2. An economics course might explore occupational and residential segregation; differentials in wages, owned assets and savings; debt levels; discrimination in loans, mortgages and patronage of businesses; and the concentration of women and Blacks in low-wage occupations. But it should also examine, through economic history, women’s unpaid labor, the intersection of labor systems and race, and efforts to contest subordination and labor exploitation.

3. A political science class might examine the role of law, public policy and civic institutions in promoting, reinforcing and perpetuating racial and gender hierarchies, as well as the political uses of racial and gender ideologies to preserve and exercise power, promote group solidarity, and distance subordinate classes from supposedly inferior groups.

4. A psychology class might reckon with the discipline’s racist and sexist past and examine the affective, emotional and psychological functions of gender and racial bias. Topics might include gender and racial socialization, stereotyping, implicit bias, scapegoating, and the role of emotional aversion in maintaining racial and gender boundaries. It might also examine the psychological costs of racism and sexism.

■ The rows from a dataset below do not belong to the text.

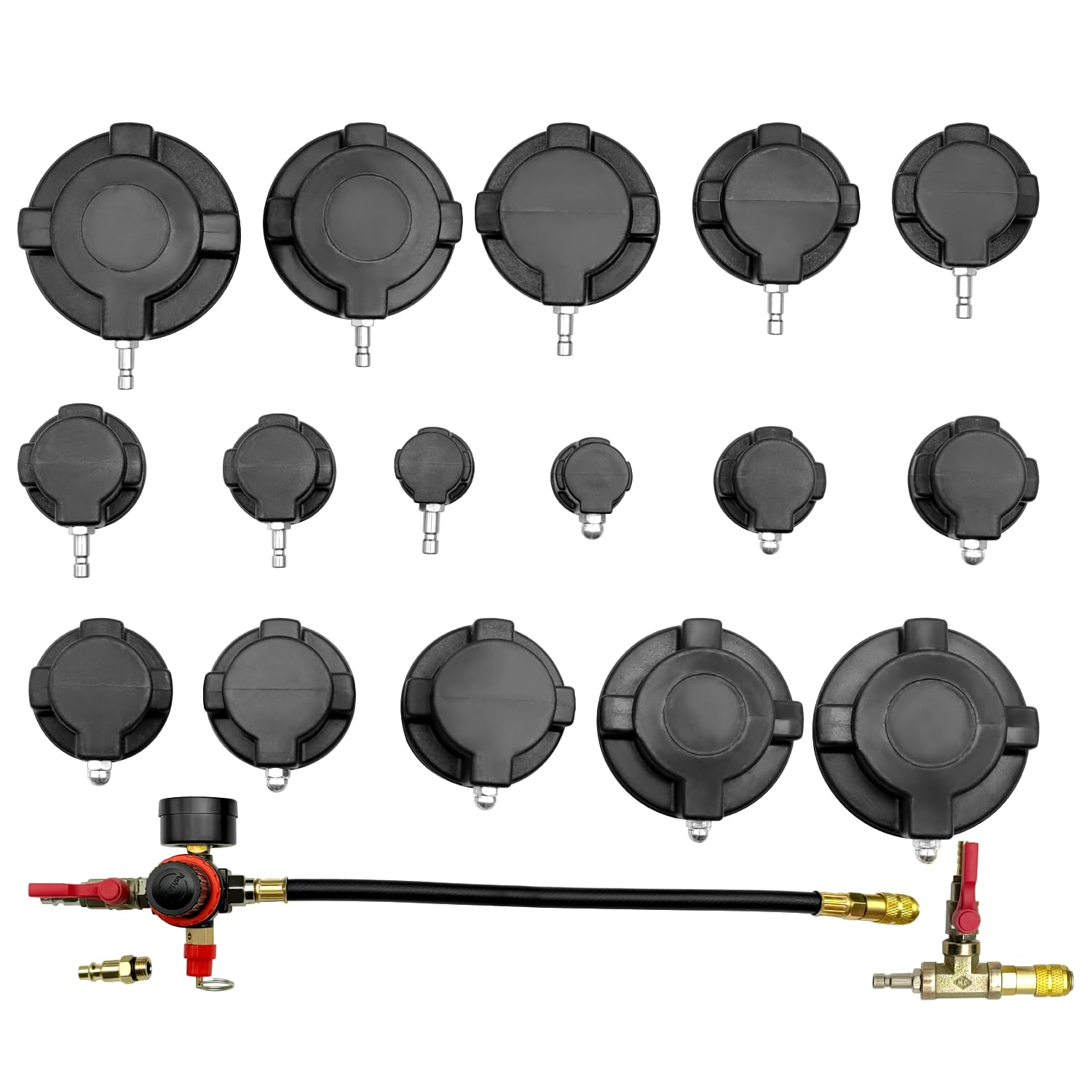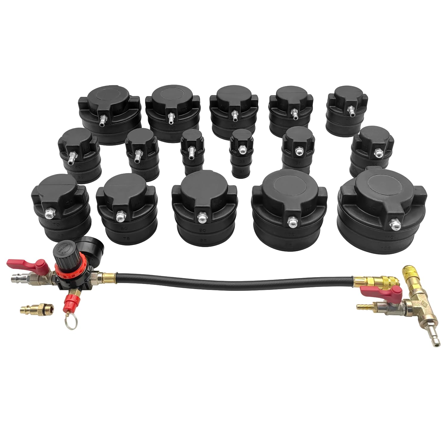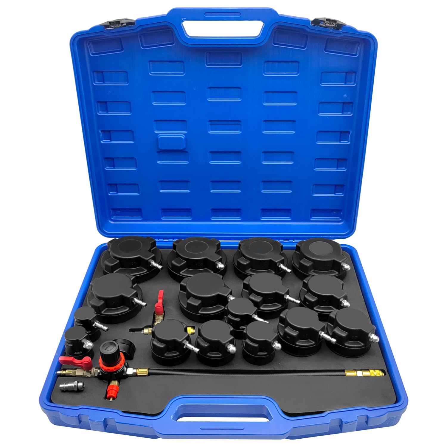 多機能な漏れ検出ツールセット 19PCターボシステムリークテスターキットは、ターボ、冷却、排気システムの漏れ検出に必要なすべてのツールが揃っています。1-1/4インチから4-3/8インチまでの7組の段階アダプター、ブランクアダプター、圧力計が含まれており、システムを徹底的にテストできます。この漏れ検出キットは、様々なターボチャージャー、冷却システム、排気パイプを搭載した車両やライトトラックを含む広範な車種に適しています。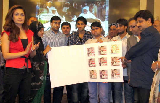 The star-cast of film 'KHAP'- Om Puri, Manoj Pahwa, Uvika Chaudhary, Sarrtaj Gill, director Ajai Sinha, Music Director Annujj Kappoo, Ex Member Administrative Reforms Commission, Haryana Prof. D.R. Chaudhary, Social Worker Jagmati Sangwan and a real life couple Abdul Hakim and Mehvish who survives from the Khap Panchayat during launch of the music of the film in Delhi on the 7th of July, 2011. Photo Credit: Indian Photo Agency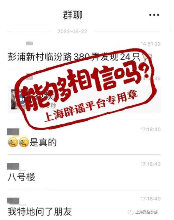 6月22日,一则圈群聊天记录称静安区彭浦新村临汾路380弄发现24例阳性,整个小区都封了。不少网友向上海辟谣平台询问网传的说法是否准确。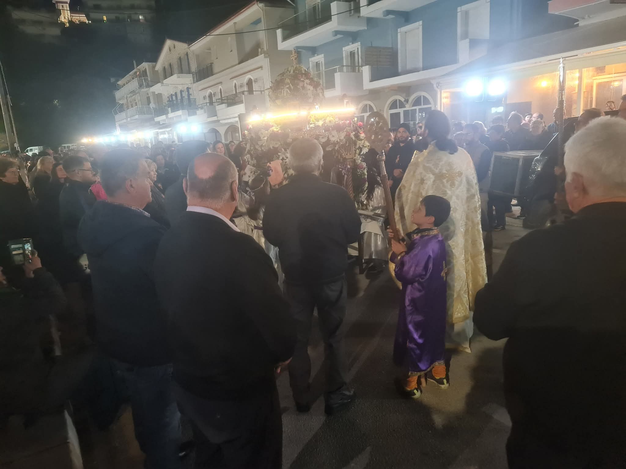 Μετά την ολοκλήρωση της ακολουθίας, ο Επιτάφιος βγήκε σε περιφορά στους κεντρικούς δρόμους και την πλατεία της κωμόπολης μας. Οι πιστοί, ακολουθούσαν με σεβασμό και σιωπή, δημιουργώντας μια ιδιαίτερα συγκινητική εικόνα πίστης και παράδοσης. Ο στολισμένος Επιτάφιος γινόταν δεκτός με ευλάβεια σε κάθε γωνιά που περνούσε, ενώ η ατμόσφαιρα ήταν βαριά από την πένθιμη μεγαλοπρέπεια της ημέρας.

5. A sociology course might explore:

  • Racism and sexism as systems of structural, systemic and institutionalized privilege and advantage.
  • Racism and sexism through the lens of intersectionality: how gender, race, sexuality and other forms of social hierarchy and discrimination reinforce one another and help define status and power.
  • The relevance of caste, with its stress on heredity, group hierarchy and purity and pollution, to an understanding of gender and racial inequalities.
  • The complex relationship between race, gender and socioeconomic class.

6. A philosophy course might explore ideas of race and gender in the history of philosophy. It might also speak to some of today’s hottest topics: how best to address relics of a racist and sexist past; the meaning and value of meritocracy and the validity of the mechanisms used to assess merit; the desirability and practicality of reparations; and issues relating to atonement, forgiveness and closure.

I am convinced that many students crave the context and perspectives that the humanities and the social sciences offer on the issues of our time. But the discipline-based surveys and introductory courses and the narrow upper-division courses that reflect faculty members’ research interests fail, all too often, to capture students’ imagination or ignite their passions.

I understand the reluctance to tackle a topic as expansive and interdisciplinary as gender and racial inequalities. But please consider following my advice and remember my mantra—if it’s worth doing, it’s worth doing half-assed.

Steven Mintz is professor of history at the University of Texas at Austin.